С первого взгляда чувствовалось, по крайней мере для Сена­тора, что мечеть спроектировал талантливый человек, совре­менный, такие сооружения он встречал только за рубежом: в Турции, Кувейте, Саудовской Аравии, наши, знакомые ему по Бухаре, Самарканду, Хиве, Хорезму, явно проигрывали этой, вобравшей в себя весь современный архитектурный изыск. Вы­соки, стройны и изящны, ажурны были оба минарета, наверняка оснащенные мощной аудиоаппаратурой. А купола главного мо­лельного зала и крытого двора мечети серебристо блестели хорошо отполированной цинковой, жестью. Особенно хороша, словно морская волна или чешуя какой-то диковинной громад­ной рыбы, оказалась жесть на перекрытиях внутреннего двора, где опорами служили резные прямоствольные корабельные ли­ственницы.
Заметив интерес гостя, Исмат притормозил «Волгу». Сенатор не стал выходить из машины, только приспустил оконное сте­кло. Мечеть действительно понравилась ему, жаль, подобной не строилось в Ташкенте, в нее он обязательно вложил бы деньги, на открытие такой красавицы наверняка прибыл бы сам муф­тий. Но вслух он спросил:
– Кто же задумал богоугодное дело: власти, народ, духов­ное управление?

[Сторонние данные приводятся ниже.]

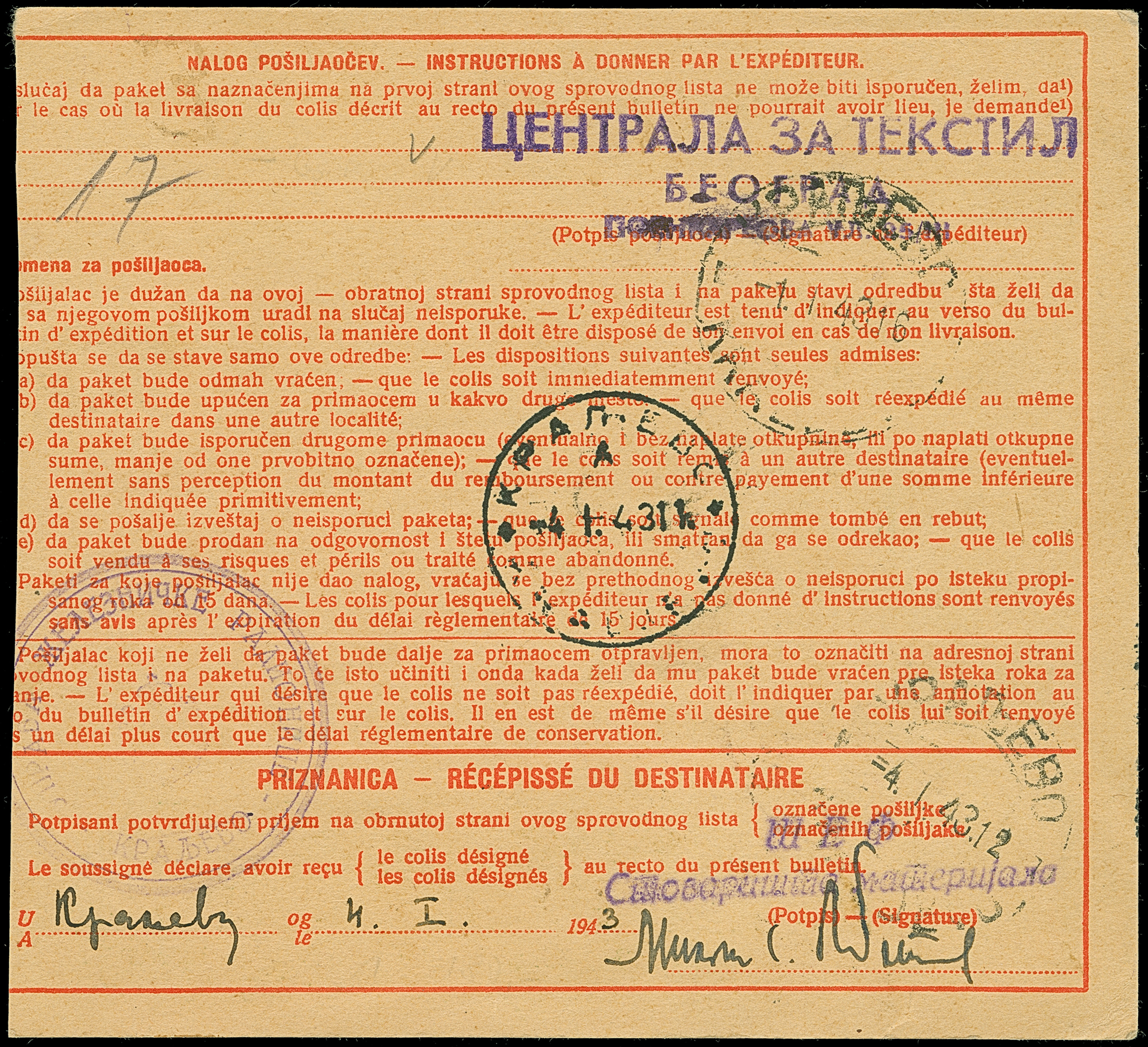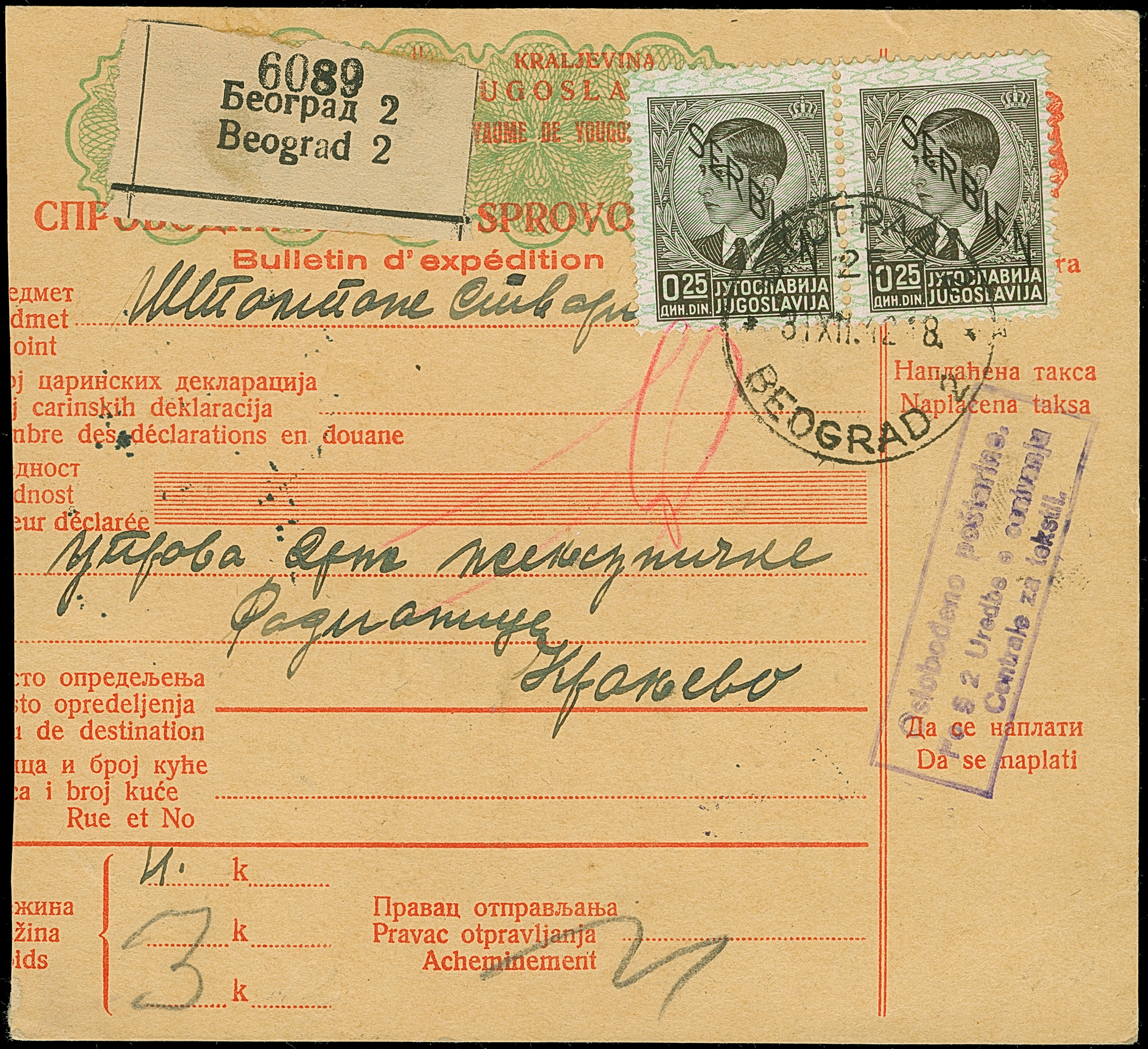 1941, König Peter II. 0,25 Dinar, waagerechtes Paar, sauber mit EKr. "BEOGRAD 2 31.12" auf Postformular mit Ra3 "Oslobeno postarine....Centrale za telstil." nach Kraljevo mit Ankunftsstempel, gute Erhaltung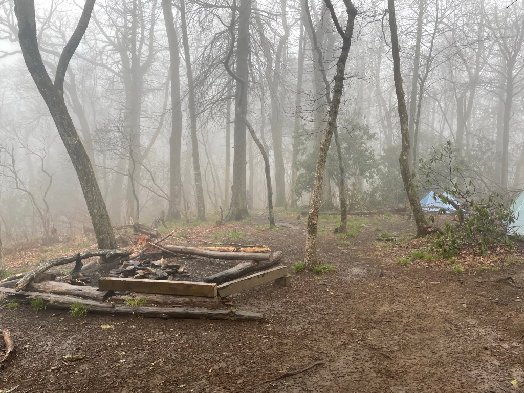 The hike from Blue Mountain to Tray Mountain was uneventful. The mountains were socked in with fog, you could hardly see more than 25 or 30 yards in any direction. We looked forward to reaching camp and cooking a hot meal.
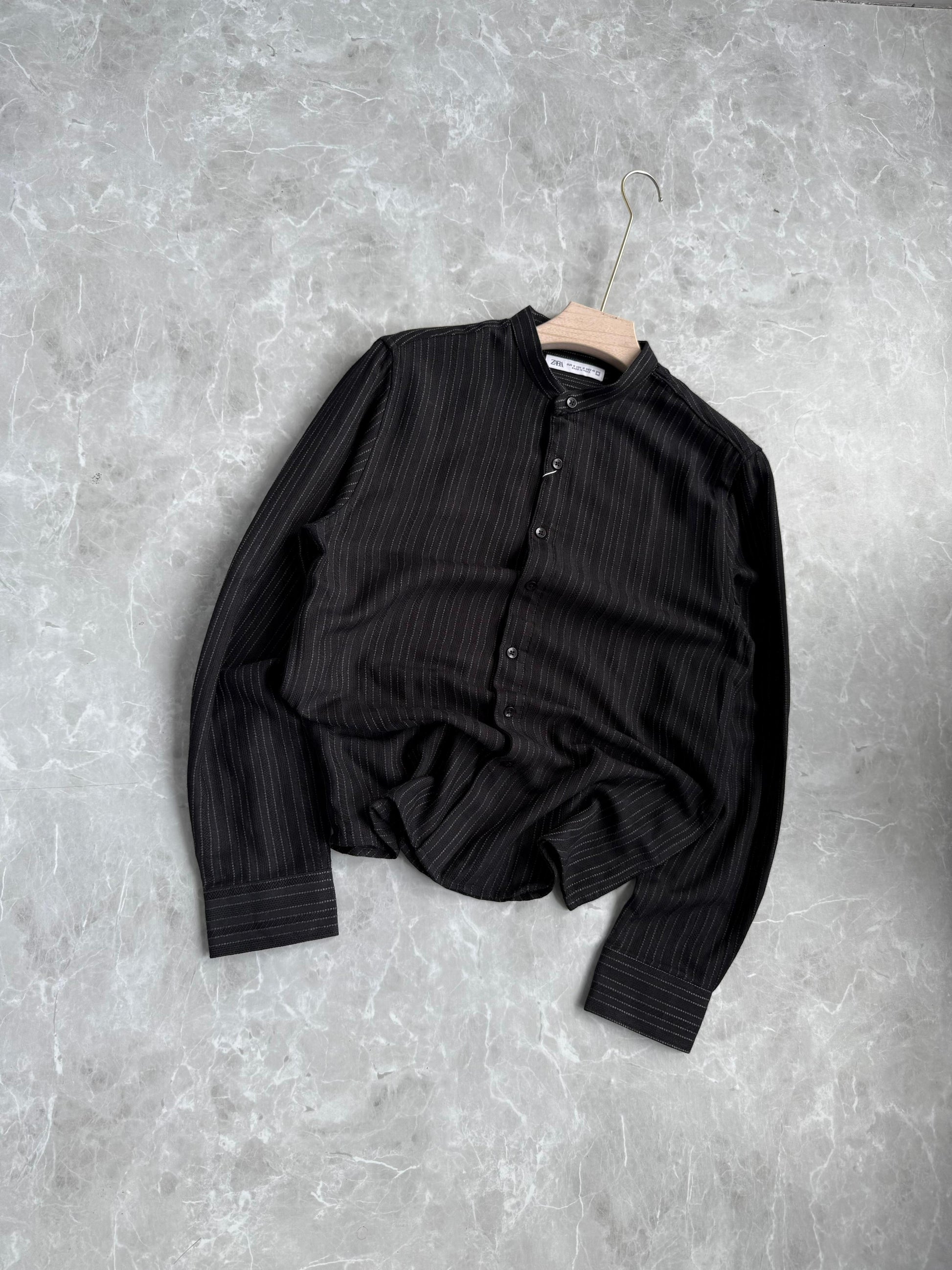 BLACK IMPORTED MANDRIAN COLLAR SHIRT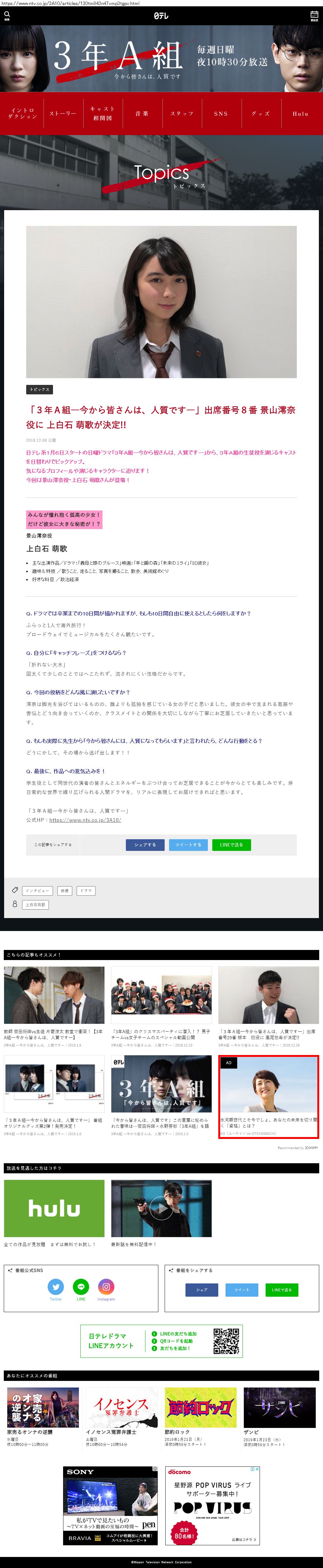 Webメディア 広告枠に赤枠付き
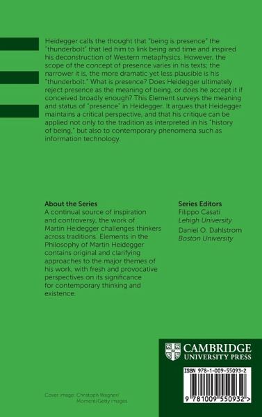 Heidegger calls the thought that 'being is presence' the 'thunderbolt' that led him to link being and time and inspired his deconstruction of Western metaphysics. However, the scope of the concept of presence varies in his texts; the narrower it is, the more dramatic yet less plausible is his 'thunderbolt.' What is presence? Does Heidegger ultimately reject presence as the meaning of being, or does he accept it if conceived broadly enough? This study surveys the meaning and status of 'presence' in Heidegger. It argues that Heidegger maintains a critical perspective, and that his critique can be applied not only to the tradition as interpreted in his 'history of being,' but also to contemporary phenomena such as information technology.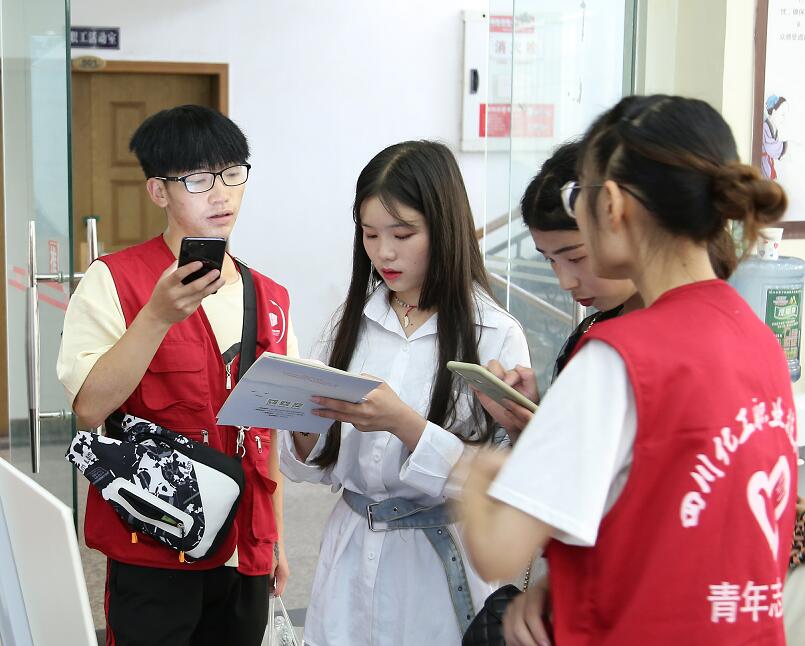 校园内外,红色马甲身影勤;满腔热情,青春绽放喜迎新。在汽车站、学校门口、新生接待点、绿色通道咨询处都有他们忙碌的身影。新生抵达校园后,各系学生志愿者们热情上前,帮助新同学拿行李、带领他们办理报到手续、介绍学院发展,直至每位新同学到达宿舍顺利入住。一张张热情的笑脸,一句句亲切的问候,一项项贴心的服务,欢迎远方而来的家人,感染着入学新生和家长,使2019级新同学更快成为四川化院大家庭中的一员。志愿者的亲情引导,热情服务,让新生有一种家的温暖,受到了新生和家长的肯定,也正是这群可爱的志愿者,使新生的报到工作更加安全有序、顺利开展。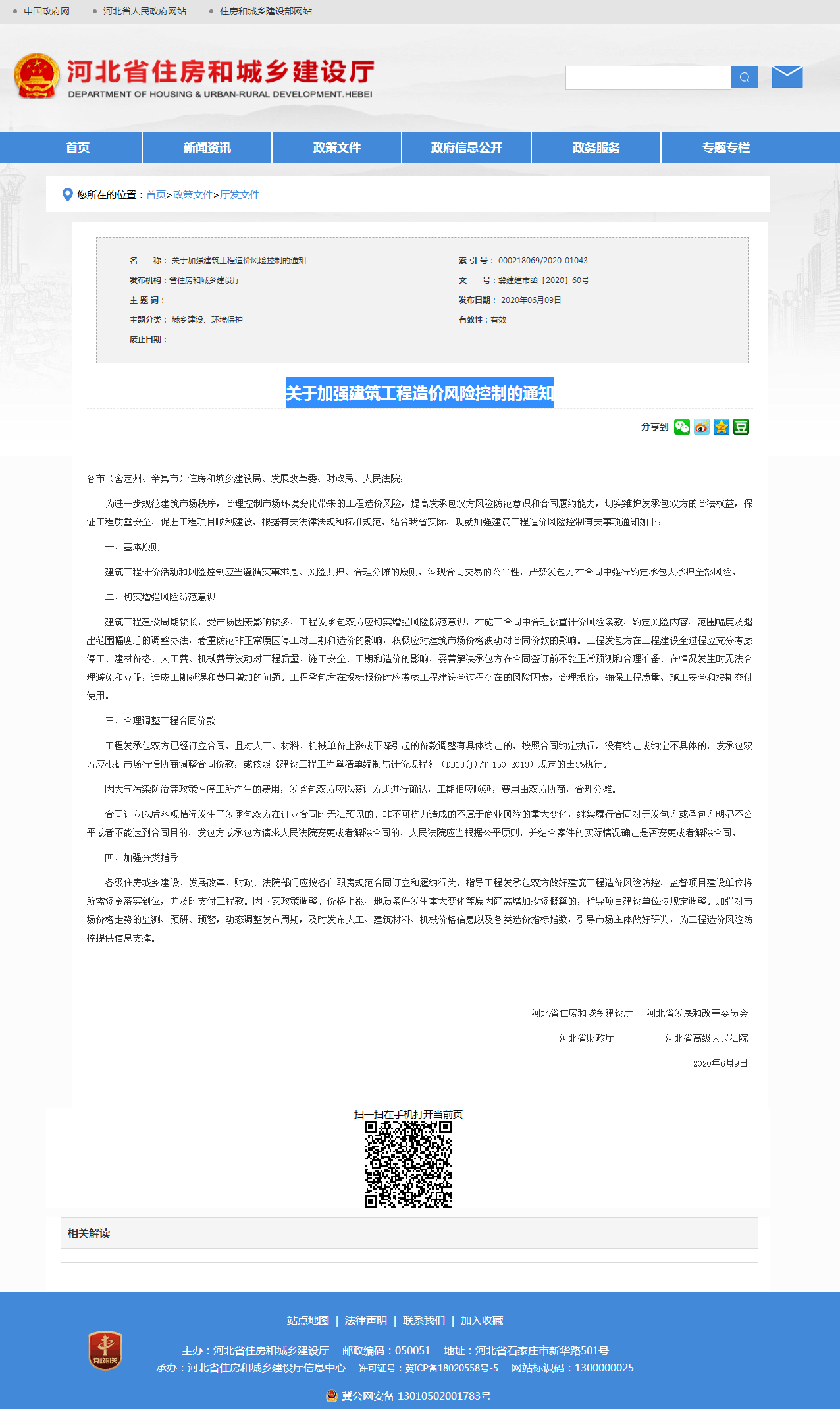 我省四部门联合印发《关于加强建筑工程造价风险控制的通知》

– Нет, Сухроб-ака, не отгадали. Это Сабир-бобо, в нее он вложил все свои сбережения, он – человек богатый, вся казна хана Акмаля у него в руках, но деньги нужны были лишь в начале. Теперь подключились все: и народ, и власть, везут и несут день и ночь, и деньги, и материалы, и оборудование. И вам бы следовало сразу объявить о каком-нибудь подарке на обустройство мечети, старику приятно будет.
– Наверное, он решил открыть мечеть в день освобождения хана Акмаля. А может, он даже назовет ее именем, своего ученика?
– Хорошо, что вы об этом заговорили. Мечеть – самая большая радость в жизни старика и самая большая его тревога. Он спит и видит, что мечеть назовут его именем, оттого он дважды подряд хадж в Мекку совершил, чтобы не оказалось в крае конкурентов по святости, готов он и в третий раз поцеловать святой черный камень Каабу. Из святых мест он и привез домой проект этого великолепного молельного дома. Один паломник, оказавшийся известным архитектором из Стам­була, с ним старик случайно познакомился в Медине, подарил его, обещал приехать на открытие. Все вокруг, зная Сабира-бобо, его преданность хану Акмалю, считают, что мечеть он строит в его честь, но это совсем не так. Старику очень нравит­ся, когда его спрашивают: как ваша мечеть? Как мечеть Сабира-бобо? Учтите это, если хотите что-то заполучить от него.
– Спасибо, Исмат. Это очень важная для меня информация. Мне действительно лучше потрафить старику, от него многое теперь зависит в моей судьбе.
Прежде чем отъехать с площади, Сенатор еще раз глянул в сторону памятника, но сколько ни вглядывался, айвана в тени бронзового вождя не было, значит, в перестройку одним «свя­тым» местом в Аксае стало меньше. Глянул он и в сторону четырехэтажного здания правления агропромышленного объ­единения, принесшего столько славы, наград и доходов хану Акмалю, хотел спросить у Исмата, демонтировали ли грузовой лифт для автомобиля Арипова, на котором тот поднимался прямо к себе в приемную, но в последний момент передумал. Лифт, конечно, как и айван, давно демонтировали и продали на сторону, и скорее всего какой-то более удачливый чиновник из новой «перестроечной» волны смонтировал его у себя в особня­ке, нынче быстро строятся не только мечети. «Видимо, резуль­таты перестройки в Аксае можно увидеть только на этой площа­ди», – озорно подумал Сенатор и велел трогаться.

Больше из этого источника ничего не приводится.